# [Hashformers](https://github.com/ruanchaves/hashformers)

Hashformers is a framework for hashtag segmentation with transformers. For more information, please check the [GitHub repository](https://github.com/ruanchaves/hashformers). 

# Installation

Here we install `mxnet-cu110` and `hashformers`.

`mxnet-cu110` is compatible with Google Colab. If installing in another environment, replace it by the mxnet package compatible with your CUDA version.

In [2]:
%%capture

!pip install mxnet-cu110 
!pip install hashformers

# Loading the models

Here we initialize a simple word segmenter by selecting `distilgpt2` as the segmenter model.

In [3]:
%%capture

from hashformers import TransformerWordSegmenter as WordSegmenter

ws = WordSegmenter(
    segmenter_model_name_or_path="distilgpt2",
    reranker_model_name_or_path=None
)

# Hashtag Segmentation with hashformers

After installing the library and loading the models, we can segment hashtags and look at the segmentations. 

Write hashtags below, one per line.

In [4]:
hashtags = """
#myoldphonesucks
#latinosinthedeepsouth
"""

In [None]:
hashtag_list = [ x.strip() for x in hashtags.split("\n") if x.strip()]
segmentation = ws.segment(hashtag_list)
print(*segmentation, sep='\n')

You can use **hashformers** to segment hashtags in any language, not just English. Visit the [HuggingFace Model Hub](https://huggingface.co/models) and choose any GPT-2 and a BERT models for the WordSegmenter class.
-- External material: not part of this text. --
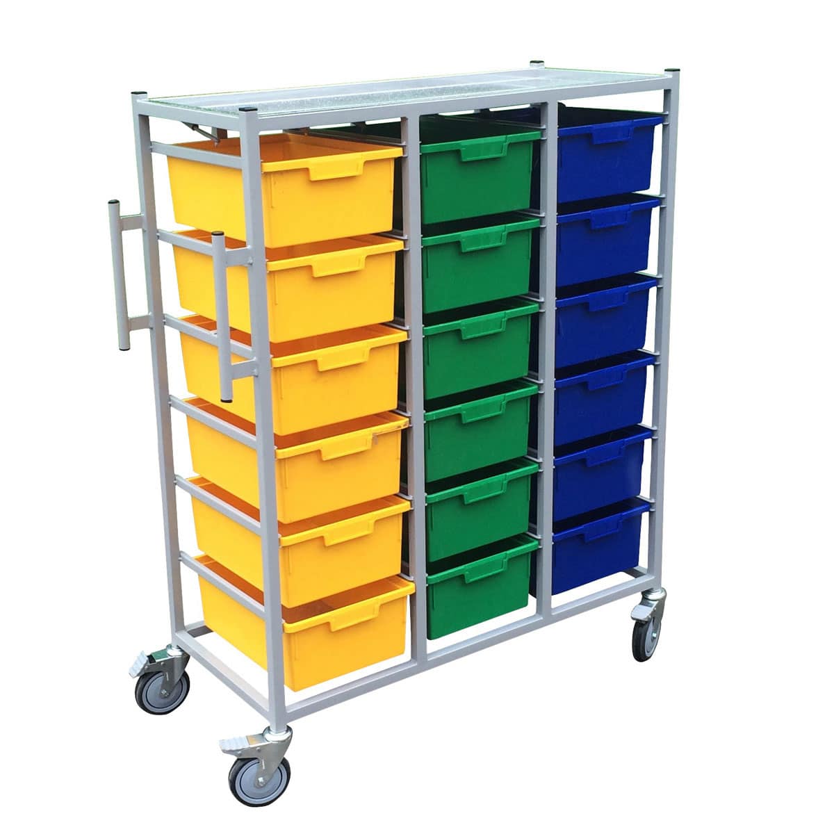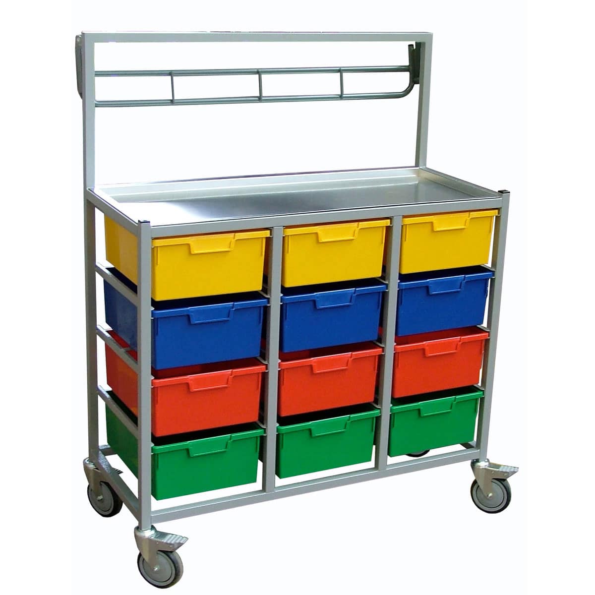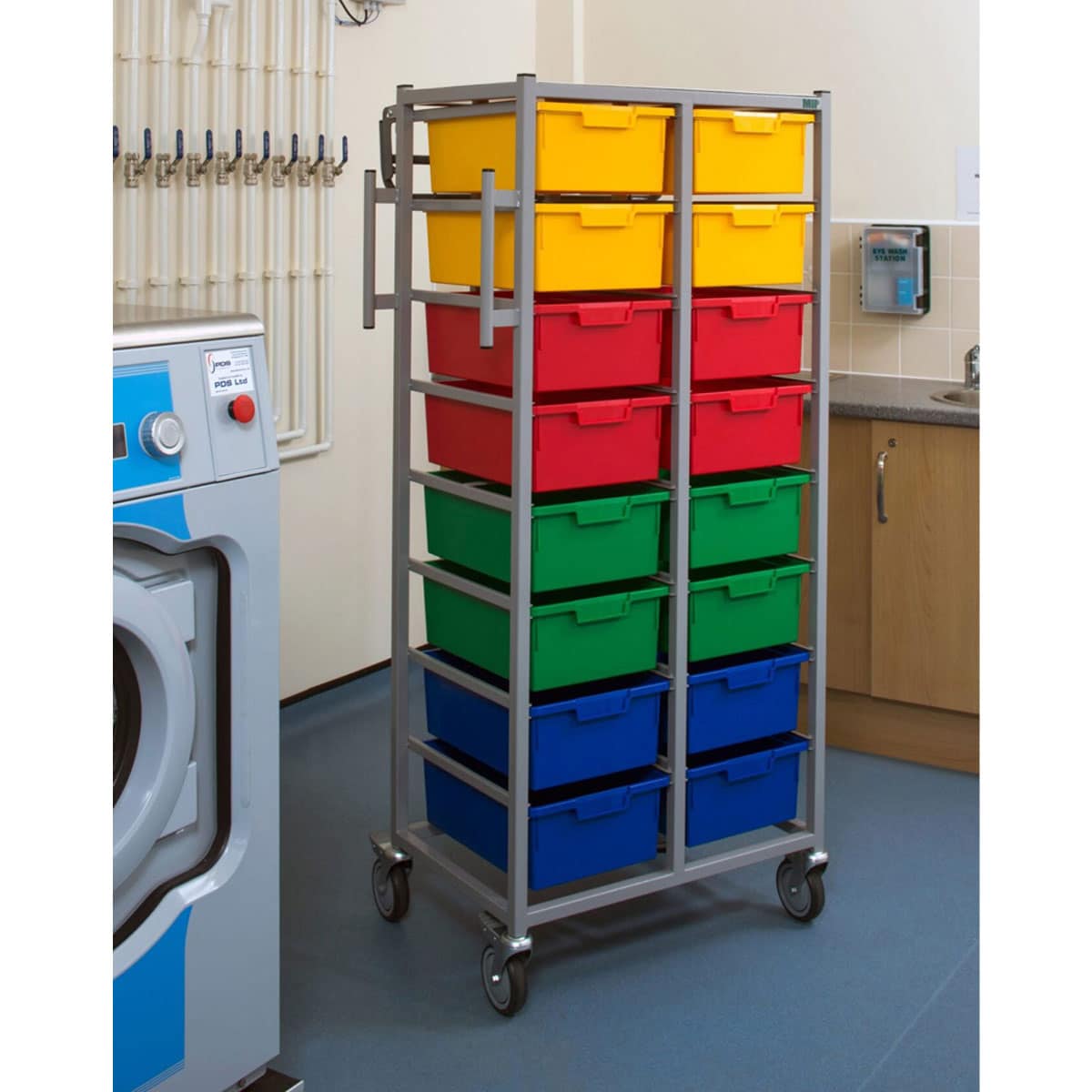 For the distribution of clean personal clothing, enabling separation and distribution of individuals clothing. The Karri-Carts are made from a light weight, high quality powder coated steel. They come complete with a selection of coloured trays, to help with sorting. It also has a robust hanging rail to transport products on hangers. (KCart/Combi does not include a hanging rail).

The GPT-2 model should be informed as `segmenter_model_name_or_path` and the BERT model as `reranker_model_name_or_path`. A segmenter is required, however a reranker is optional. 

In [6]:
%%capture

from hashformers import TransformerWordSegmenter as WordSegmenter

portuguese_ws = WordSegmenter(
    segmenter_model_name_or_path="pierreguillou/gpt2-small-portuguese",
    reranker_model_name_or_path="neuralmind/bert-base-portuguese-cased"
)

In [7]:
hashtag_list = [
    "#benficamemes",
    "#mouraria",
    "#CristianoRonaldo"
]

segmentations = portuguese_ws.segment(hashtag_list)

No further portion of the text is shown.